◆ Description of the task ◆
Repeat exactly the lines below from the line that contains "2026-04-17 【轉發公告 |" to the last line, inclusive, without the pictures.

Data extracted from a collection
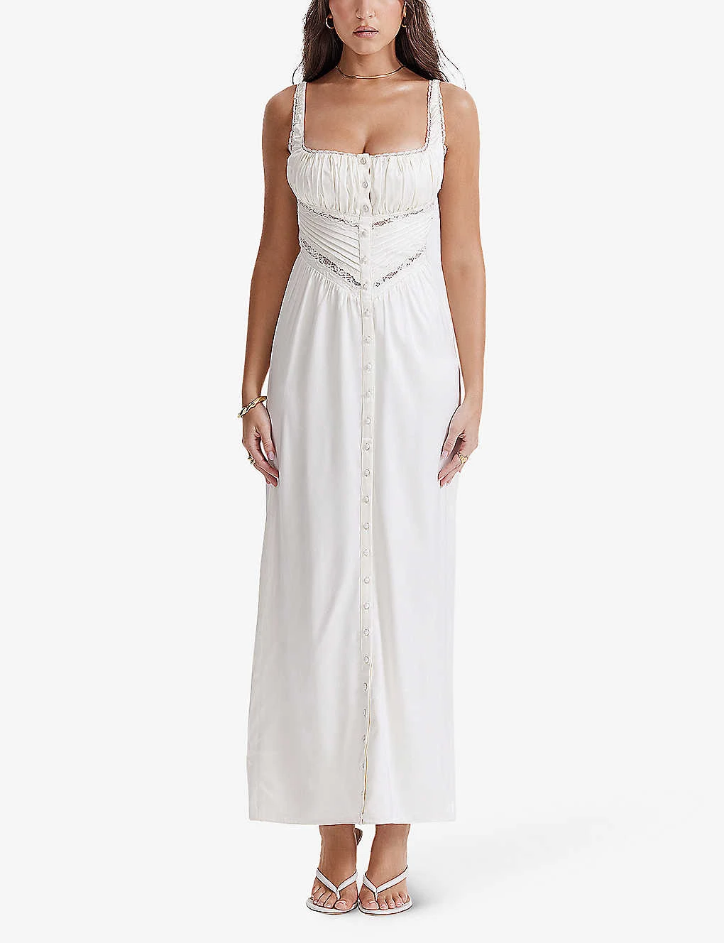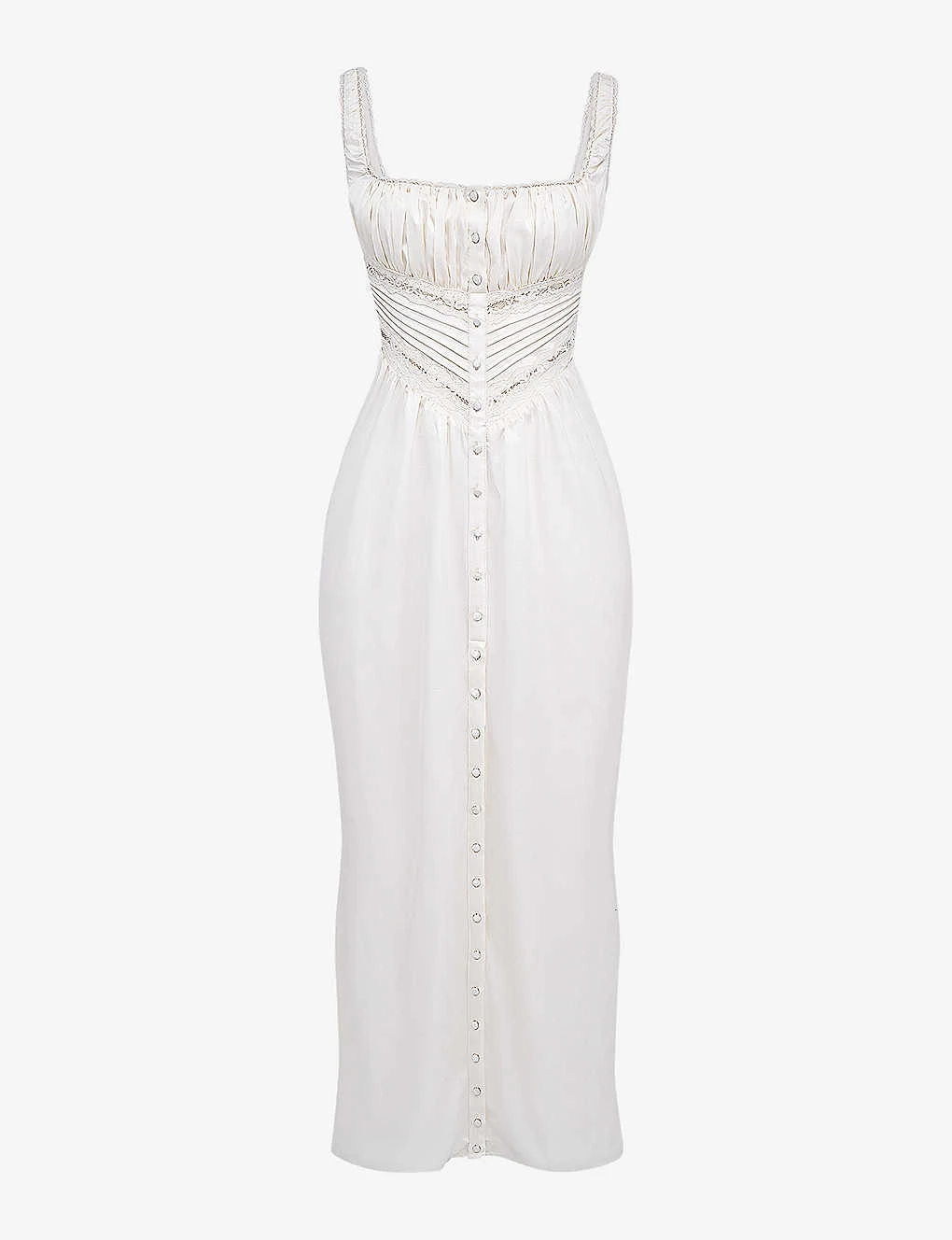 - Thick straps, sleeveless, square neckline, scalloped trim, bodice top, button-down detail, maxi length
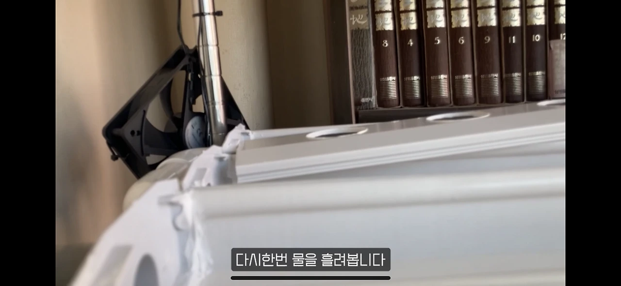 다음날 하루종일 물을 흘려보았지만 다행히 물이 새는 곳은 없어진 것 같습니다 그래도 혹시 모르니 3일 정도 켜서 확인하는 것이 좋습니다
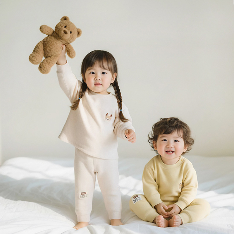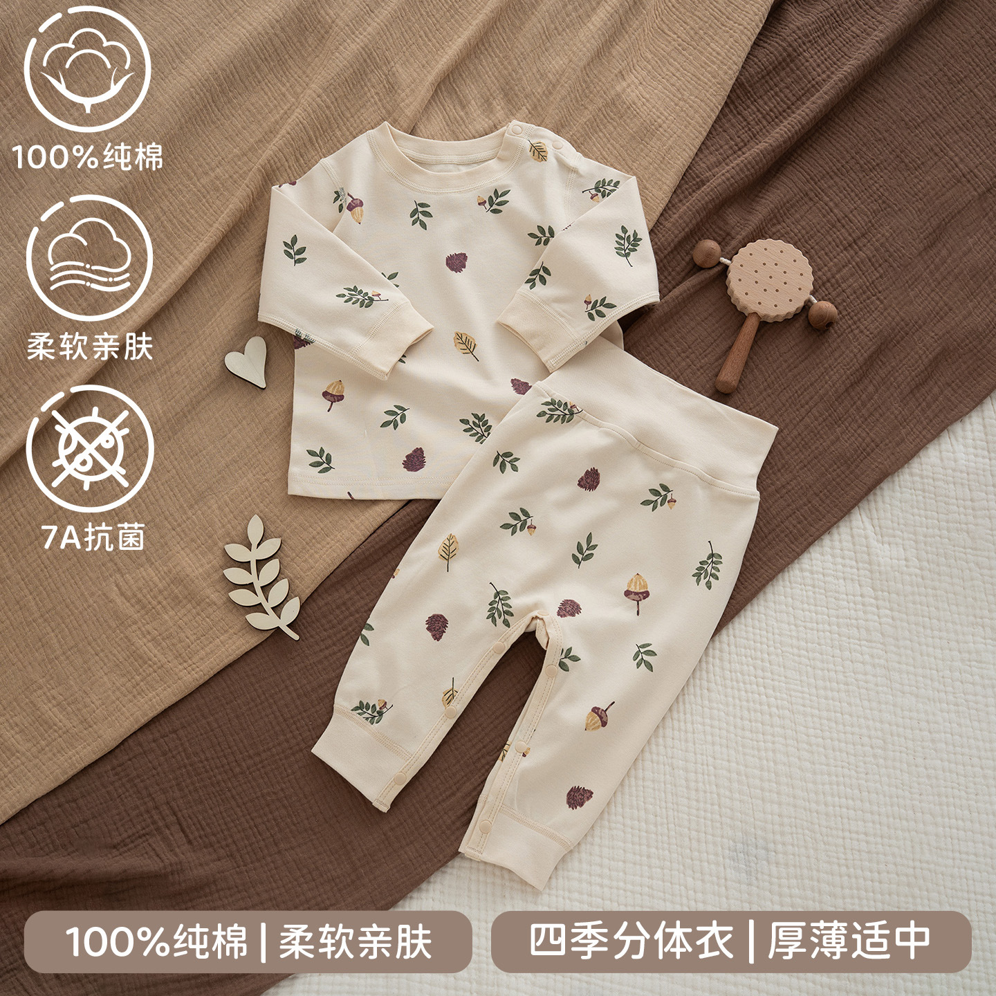 Boys and Girls Baby Spring and Autumn Two-Piece Set Infant Home Wear Base Layer Thermal Pajamas Pure Cotton Open-Crotch Belly Protection
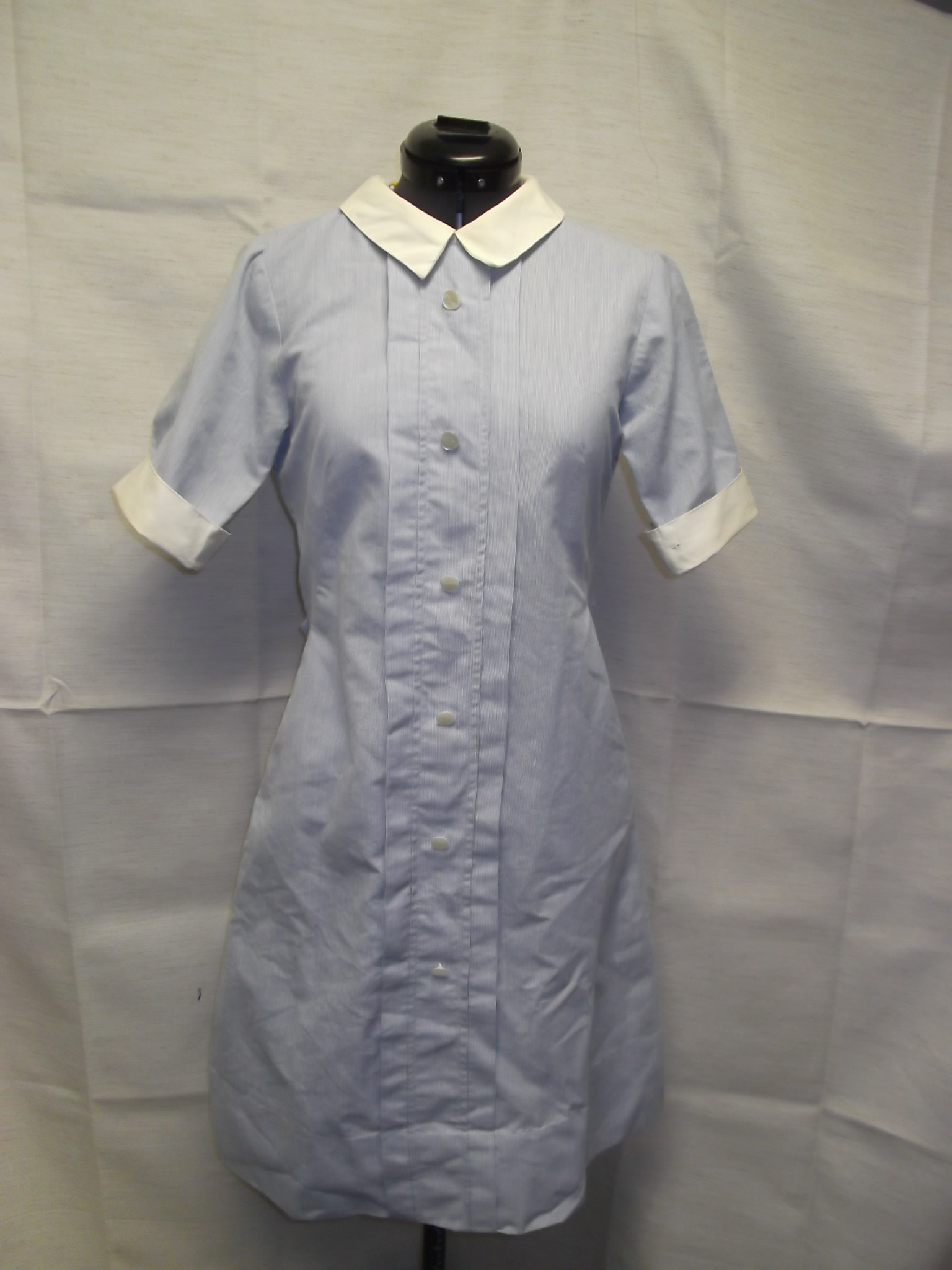 Fitted dress zips up front, which is covered with pleated button placket. White pointed collar and cuffs on SS. Button belt in back.; Chest-38; Waist-34
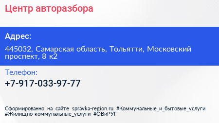 Центр авторазбора по адресу 445032, Самарская область, Тольятти, Московский проспект, 8 к2 в дальнейшем Организация, размещена в следующих категориях:
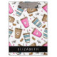 Um padrão bonito, divertido e adorável com xícaras de café, grãos de café e corações. Presente moderno e moderno, perfeito para o amante do café em sua vida. Personalize adicionando o seu nome, apelido, monograma ou iniciais.
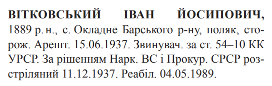 Реабілітований: Вінницьким облпрокурором 04.05.1989 Реабілітовані історією
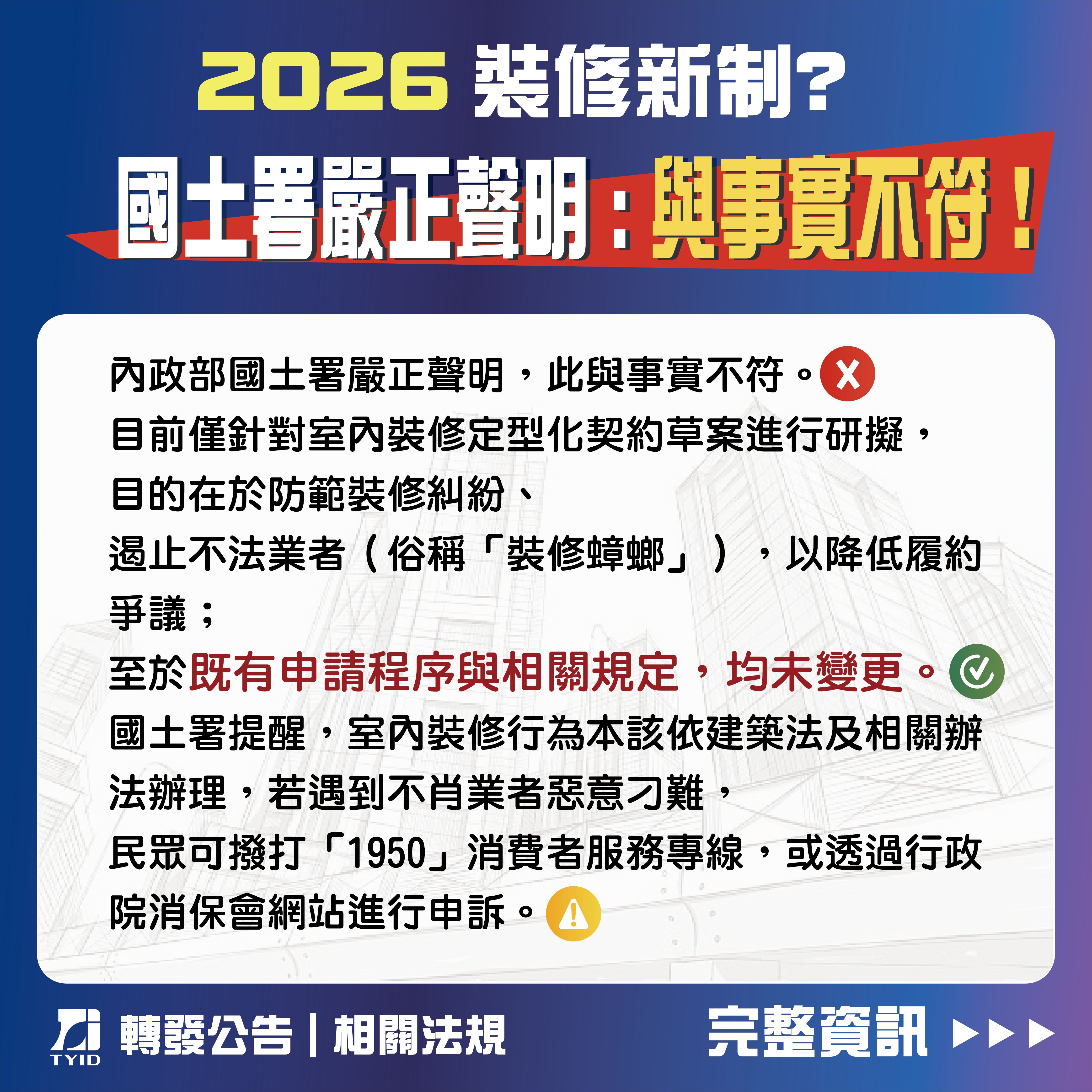 2026-04-17 【轉發公告 | 相關法規】假訊息流傳 內政部國土署嚴正聲明與事實不符 轉發公告 | 相關法規 「2026裝修新制將上路 先申請審查才開工」假訊息流傳 內政部國土署嚴正聲明與事實不符 完整資訊內容 : https://www.moi.gov.tw/News_Content.aspx?n=4&s=337863 回上一頁
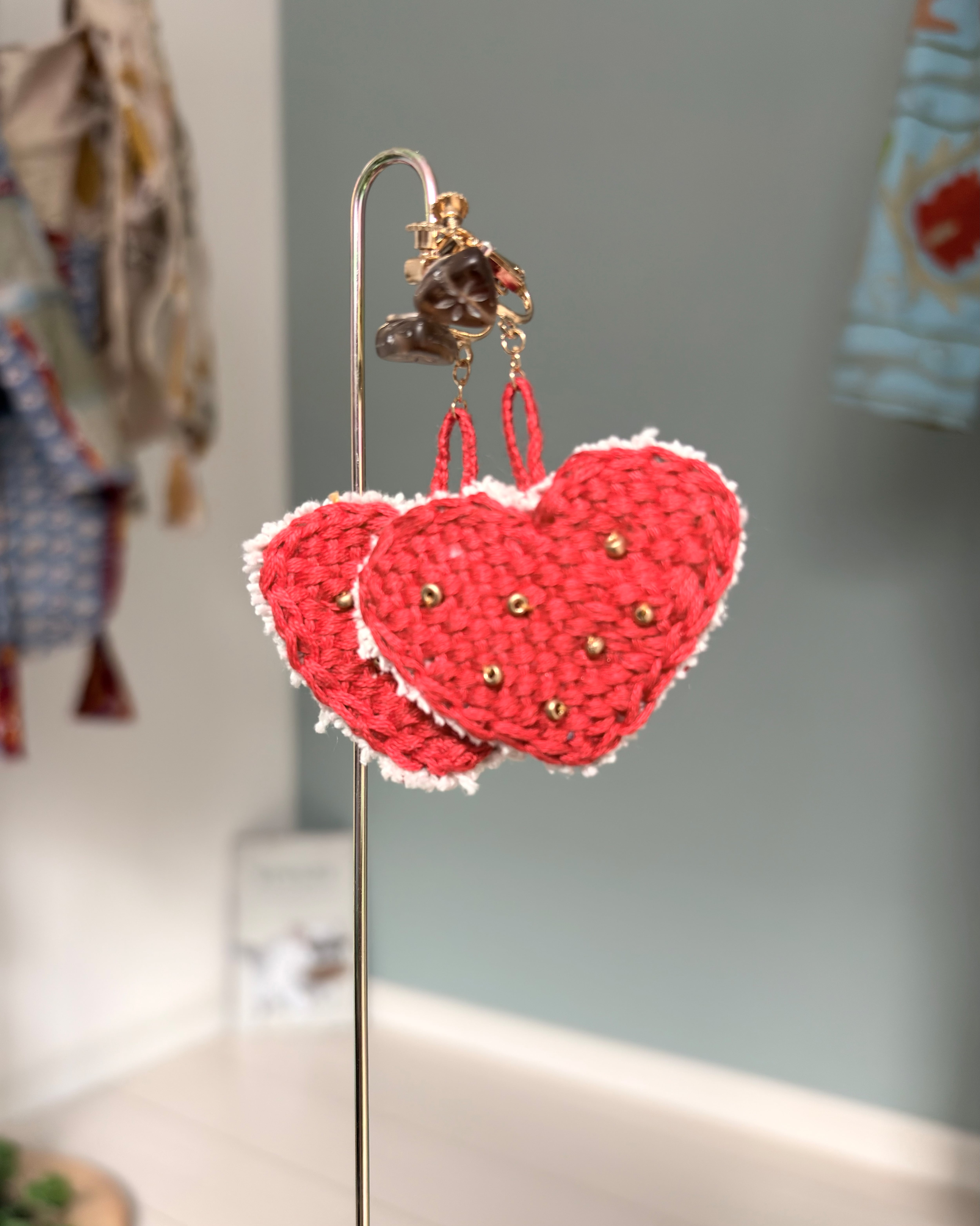 コットン刺繍ハート/イヤリング/ピアス/3カラー
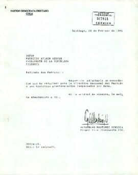 Carta del sr. Gutenberg Martínez Ocamica, Primer Vicepresidente del PDC, dirigida al señor Patricio Aylwin Azócar, Presidente de la República
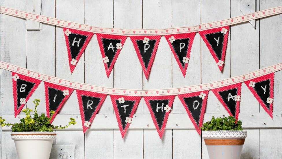Per decorare la catena di gagliardetti, si possono attaccare piccoli fiori, farfalle, bottoni ecc. con la colla a caldo. Il gesso è adatto per etichettare il bunting.
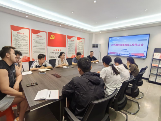 【本网讯】为积极落实教育部关于高校毕业生就业创业工作的部署要求,扎实推进“教育强国”建设进程,全面提升毕业生就业质量和职业发展能力,5月13日外语学院召开2025届毕业生就业工作推进会。会议由学院党委书记、院长刘沛富教授主持,学院党政领导班子成员、学工办主任及2025届毕业班全体辅导员出席会议。
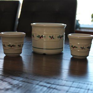 Longaberger Traditional Holly Crock and Candle Holder Set
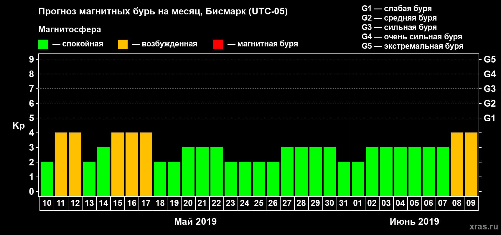 Прогноз магнитных бурь в Бисмарке — 10 мая 2019 года
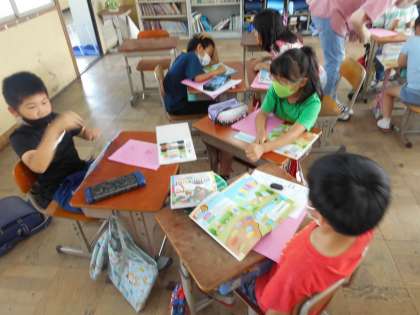 学習の最後には教科書に自分の好きな色を使った虹を描き,その虹に使った色の交流を行いました。

◆ Result ◆
 2026-04-17 【轉發公告 | 相關法規】假訊息流傳 內政部國土署嚴正聲明與事實不符 轉發公告 | 相關法規 「2026裝修新制將上路 先申請審查才開工」假訊息流傳 內政部國土署嚴正聲明與事實不符 完整資訊內容 : https://www.moi.gov.tw/News_Content.aspx?n=4&s=337863 回上一頁
 コットン刺繍ハート/イヤリング/ピアス/3カラー
 Carta del sr. Gutenberg Martínez Ocamica, Primer Vicepresidente del PDC, dirigida al señor Patricio Aylwin Azócar, Presidente de la República
Per decorare la catena di gagliardetti, si possono attaccare piccoli fiori, farfalle, bottoni ecc. con la colla a caldo. Il gesso è adatto per etichettare il bunting.
 【本网讯】为积极落实教育部关于高校毕业生就业创业工作的部署要求,扎实推进“教育强国”建设进程,全面提升毕业生就业质量和职业发展能力,5月13日外语学院召开2025届毕业生就业工作推进会。会议由学院党委书记、院长刘沛富教授主持,学院党政领导班子成员、学工办主任及2025届毕业班全体辅导员出席会议。
 Longaberger Traditional Holly Crock and Candle Holder Set
 Прогноз магнитных бурь в Бисмарке — 10 мая 2019 года
 学習の最後には教科書に自分の好きな色を使った虹を描き,その虹に使った色の交流を行いました。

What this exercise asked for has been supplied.